> **INSTRUCTIONS FOR THE TASK**
Below are records with pictures. Reproduce exactly the lines from the line with "19일 유튜브 채널 'Harper's" to the line with "赛后休媒纷纷炮轰阿门:马刺队", inclusive, and leave each picture out.

START THE INPUT

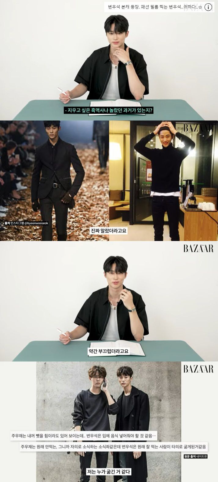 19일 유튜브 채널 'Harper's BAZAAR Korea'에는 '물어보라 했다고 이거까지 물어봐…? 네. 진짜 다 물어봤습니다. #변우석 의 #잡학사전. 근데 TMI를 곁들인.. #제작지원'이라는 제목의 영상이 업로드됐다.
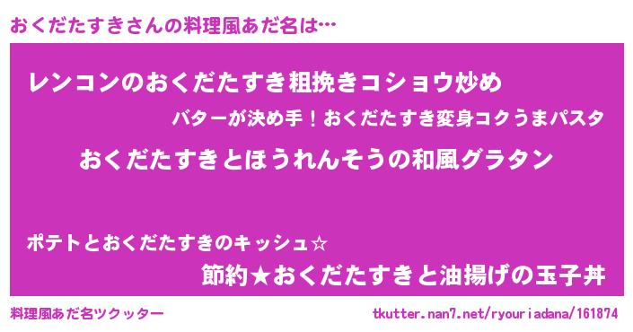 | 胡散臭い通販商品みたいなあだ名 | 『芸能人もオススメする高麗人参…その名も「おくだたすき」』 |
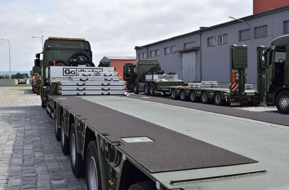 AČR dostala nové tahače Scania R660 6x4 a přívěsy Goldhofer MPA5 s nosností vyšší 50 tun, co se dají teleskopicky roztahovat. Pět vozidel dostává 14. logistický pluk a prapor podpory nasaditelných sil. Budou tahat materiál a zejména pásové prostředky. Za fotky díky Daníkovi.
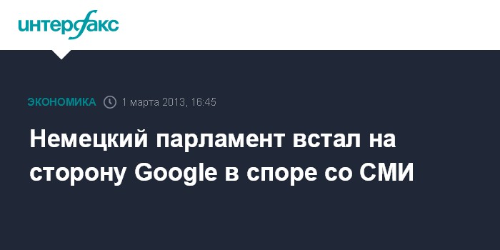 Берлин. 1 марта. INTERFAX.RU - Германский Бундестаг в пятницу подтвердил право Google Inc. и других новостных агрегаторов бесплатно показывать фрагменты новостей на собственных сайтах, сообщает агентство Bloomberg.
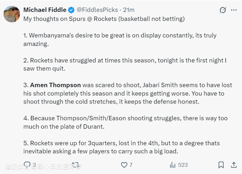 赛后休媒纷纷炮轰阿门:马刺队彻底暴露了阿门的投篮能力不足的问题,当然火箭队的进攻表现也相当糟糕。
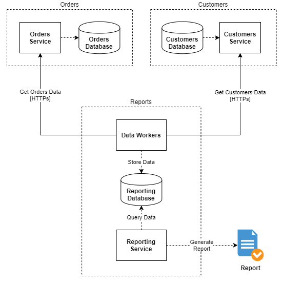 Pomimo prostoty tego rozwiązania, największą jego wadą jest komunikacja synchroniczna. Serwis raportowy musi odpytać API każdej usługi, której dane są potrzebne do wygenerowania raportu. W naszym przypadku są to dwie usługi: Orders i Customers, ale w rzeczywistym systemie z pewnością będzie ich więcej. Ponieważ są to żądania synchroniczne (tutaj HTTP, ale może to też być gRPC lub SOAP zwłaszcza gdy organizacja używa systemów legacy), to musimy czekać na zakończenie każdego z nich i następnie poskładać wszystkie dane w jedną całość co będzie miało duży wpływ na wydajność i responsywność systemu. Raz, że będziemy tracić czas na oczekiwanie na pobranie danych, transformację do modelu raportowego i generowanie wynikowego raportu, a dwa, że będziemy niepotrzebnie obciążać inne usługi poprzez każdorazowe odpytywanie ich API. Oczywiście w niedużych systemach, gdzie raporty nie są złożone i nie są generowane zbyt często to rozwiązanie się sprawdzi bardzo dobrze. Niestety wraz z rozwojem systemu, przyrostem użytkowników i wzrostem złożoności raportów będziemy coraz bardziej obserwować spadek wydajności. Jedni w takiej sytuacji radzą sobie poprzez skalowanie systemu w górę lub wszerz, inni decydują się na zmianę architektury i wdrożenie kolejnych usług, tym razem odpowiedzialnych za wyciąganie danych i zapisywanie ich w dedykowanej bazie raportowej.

END THE INPUT
START THE INPUT

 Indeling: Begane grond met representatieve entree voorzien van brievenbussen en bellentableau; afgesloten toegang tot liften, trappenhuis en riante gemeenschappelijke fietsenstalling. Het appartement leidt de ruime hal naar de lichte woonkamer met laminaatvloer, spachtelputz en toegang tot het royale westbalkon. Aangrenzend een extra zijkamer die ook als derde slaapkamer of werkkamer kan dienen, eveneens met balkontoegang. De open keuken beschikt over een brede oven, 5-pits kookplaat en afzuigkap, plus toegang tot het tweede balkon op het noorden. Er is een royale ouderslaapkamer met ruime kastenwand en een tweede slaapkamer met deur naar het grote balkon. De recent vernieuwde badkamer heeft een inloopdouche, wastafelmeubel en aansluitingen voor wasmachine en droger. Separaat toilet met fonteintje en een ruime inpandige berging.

END THE INPUT

> **EXERCISE RESPONSE**
 19일 유튜브 채널 'Harper's BAZAAR Korea'에는 '물어보라 했다고 이거까지 물어봐…? 네. 진짜 다 물어봤습니다. #변우석 의 #잡학사전. 근데 TMI를 곁들인.. #제작지원'이라는 제목의 영상이 업로드됐다.
 | 胡散臭い通販商品みたいなあだ名 | 『芸能人もオススメする高麗人参…その名も「おくだたすき」』 |
 AČR dostala nové tahače Scania R660 6x4 a přívěsy Goldhofer MPA5 s nosností vyšší 50 tun, co se dají teleskopicky roztahovat. Pět vozidel dostává 14. logistický pluk a prapor podpory nasaditelných sil. Budou tahat materiál a zejména pásové prostředky. Za fotky díky Daníkovi.
 Берлин. 1 марта. INTERFAX.RU - Германский Бундестаг в пятницу подтвердил право Google Inc. и других новостных агрегаторов бесплатно показывать фрагменты новостей на собственных сайтах, сообщает агентство Bloomberg.
 赛后休媒纷纷炮轰阿门:马刺队彻底暴露了阿门的投篮能力不足的问题,当然火箭队的进攻表现也相当糟糕。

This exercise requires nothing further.